Crazy recap time! Let’s see, the past two weeks in a nutshell.
Two Sundays ago, some friends and I went to see Les Miserables. GAH!!!! So incredible. It was a wonderful time with my girlfriends, and we even had crepes for dinner- how french! Here is a pic of the sign outside the theater, courtesy of Char.
Then I started packing… and packing. I was packing for 1) heading back to school and 2) Family Camp with my church. So there was a lot of packing!
Wednesday, my sisters and a friend drove up to Family Camp- it’s about an hour north of our home. It was fun to ride with my friend, because we have that great kind of relationship that if neither one of us is talking, we’re still comfortable. But since her sister just became engaged, there wasn't a whole lot of silence. ;)
Camp was WONDERFUL! I missed it last year due to Orientation for school, and I honestly had forgotten how marvelous it is to be literally surrounded by people you know and love. And our guest speaker was amazing as well. All around, a grand time. Sadly, I don’t think I took any pictures the entire time… you can see from this blog how usually I’m never separated from my camera… oh, wait.

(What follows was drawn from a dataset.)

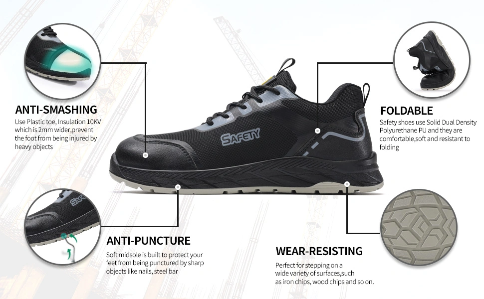 New black casual series ultra - fiber steel wire cloth solid double - density polyurethane PU qualified plastic toe cap anti - smashing anti - piercing insulated 10KV all - season safety shoes

Saturday evening, my parents and two sisters and I drove home. Then I finished packing {mainly putting dirty clothes into a separate bag} and realized I had left my wallet {meaning my driver’s license, my debit card, and, most importantly, my student I.D.} in my sister’s car at camp. Oi. Mom dug out my passport and Dad promised to mail my wallet as soon as it got back to the house. Phew. Crisis averted.
Bright and early… actually, it wasn't yet bright. It was just early. Early on Sunday morning, my parents drove me to the airport, waited through the LOOOONG line to check my bag, and then said goodbye. Sigh.
I had two carry-on bags, and as I was trying to open my new headphones, I heard the flight attendant say that if people wanted to gate-check their bags, they could pick them up at their final destination. Score! I went over to the desk immediately and got the sticker on my bag, and then I got to board early. Sweet! So it was very nice for me not to have 2 bags to worry about, especially since they both rolled = awkward! Praise Jesus for free gate-check!
Anyway, flights were pretty uneventful… I dozed most of the way and read for a bit. I landed 5 minutes early, and my ride was already waiting for me! She took me to my stuff, which was being stored at a church friend’s house. They were having small group at another family’s house, and so there were TONS of kids on the sidewalk riding bikes and scooters and skateboards all over, and my friends were there! Ahh… it was so great to see all these people!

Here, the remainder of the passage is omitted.